Seu nome de batismo é Alexandre de Moraes.

Disfarçado de ministro do Supremo Tribunal Federal, a reencarnação do maior estadista da


história ainda não sabe pronunciar corretamente o sobrenome da entidade. O que se ouve é
um penoso “Chôrchiu”. É na conta do homem que deteve o avanço da Alemanha Nazista na
Segunda Guerra Mundial que Moraes debita a tese que destroça a esperança de
pacificação do país. Segundo o ministro, foi “Chôrchiu” quem impediu que o primeiro-
ministro Neville Chamberlain seguisse enfrentando o crocodilo (Adolf Hitler, presume-se)
com medrosas tentativas de conciliação. “Apaziguamento não significa paz”, recitou o chefe
da maior e mais desnecessária vara criminal do planeta.

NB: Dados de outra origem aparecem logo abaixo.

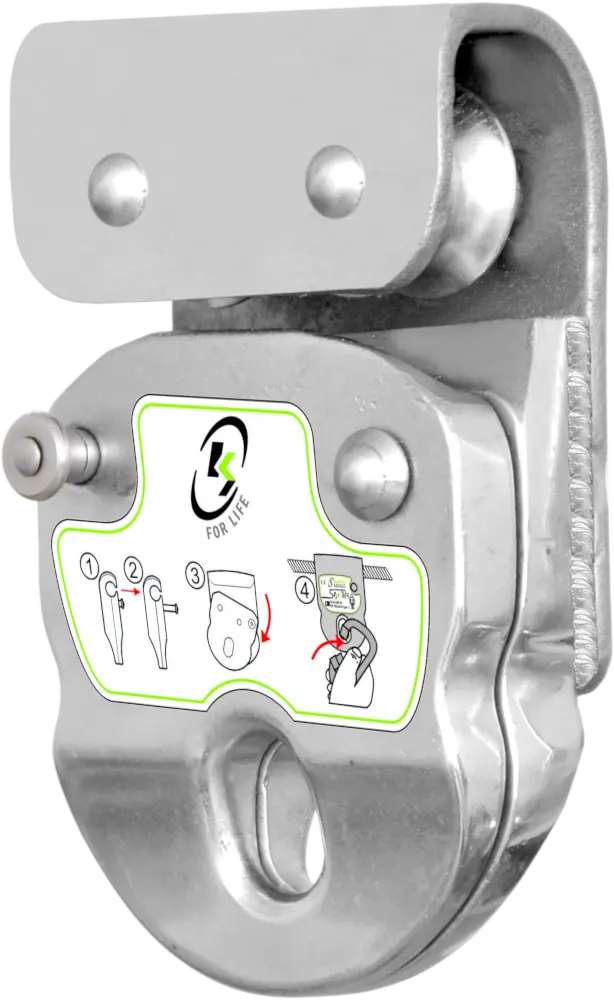 Seilgleiter Öffnenbar ermöglichen eine sichere, ergonomische Handhabung von horizontalen Anschlageinrichtungen. Das KS-Line Modell KS4000 bietet eine robuste Öffnung, eine zweifache Sicherung und eine integrierte Rollenführung für fließende Bewegungen.
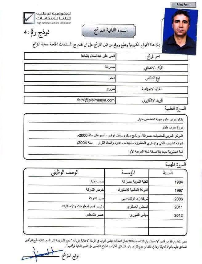 وبالحديث عن مجلس النواب ، فقد ترشح باشا آغا لإنتخابات المجلس وفاز بمقعد عن دائرة مصراتة وكتب فى سيرته الذاتية التي قدمها عند ترشحه بأن مؤهله العلمي هو طيار متدرب سابق إضافة لعضويته بمجلس شورى المدينة ورئيس قسم الاحداثيات والمعلومات والتنسيق مع حلف الناتو سنة 2011 إضافة لإدارته وإمتلاكه شركات تجارية الأمر الذي قد يتعارض مع وظيفته الحالية وزيراً للداخلية إضافة لكونه عضو غير مستقيل من مجلس النواب .
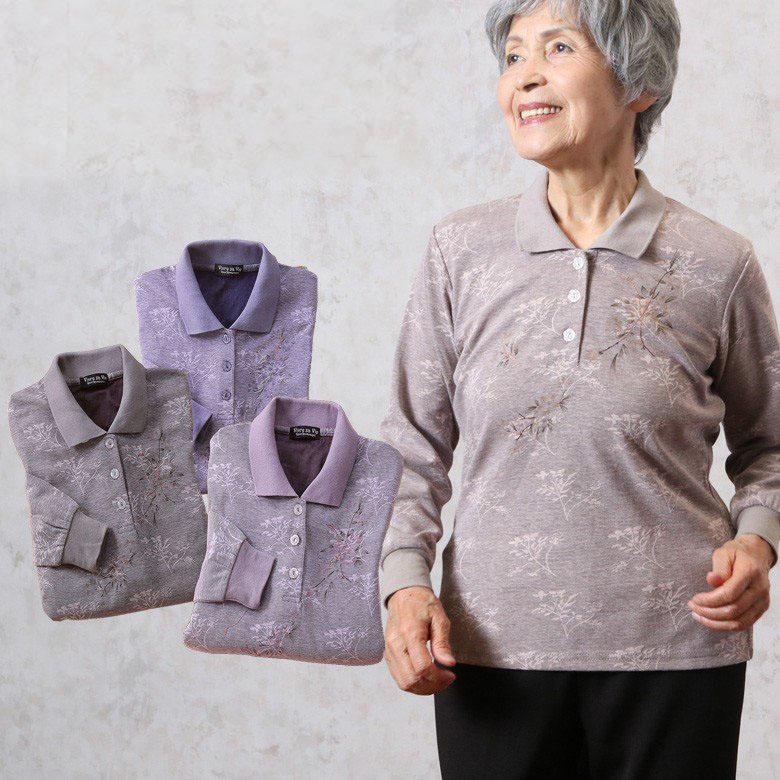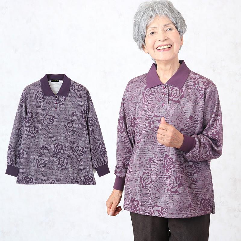 段染めジャカード花柄ポロシャツ シニアファッション レディース 80代 秋冬 70代 60代 ミセス おばあちゃん プレゼント 高齢者 誕生日 csfft2 0019 tcマート シニアファッション 通販 yahoo ショッピング

Como Moraes discorria sobre a Operação Lesa Pátria, concebida para punir gente envolvida
na tentativa de golpe de 8 de janeiro de 2023, ficou claro que, na cabeça do ministro, o
crocodilo é o bando de golpistas a serviço de Jair Bolsonaro. Os defensores da multidão
encarcerada ilegalmente seriam discípulos de Chamberlain, o que transforma o superjuiz no
“Chôrchiu” do novo século. Haja ignorância histórica. O notável líder britânico resistiu ao
mais feroz inimigo sem provocar quaisquer danos ao regime democrático. Enquanto
resgatava o exército inglês acuado em Dunquerque, por exemplo, enfrentou sem queixumes
moções de desconfiança apresentadas pela oposição. Moraes, obcecado com perigos
imaginários, sepultou a Constituição e submete o sistema judicial a medonhas sessões de
tortura.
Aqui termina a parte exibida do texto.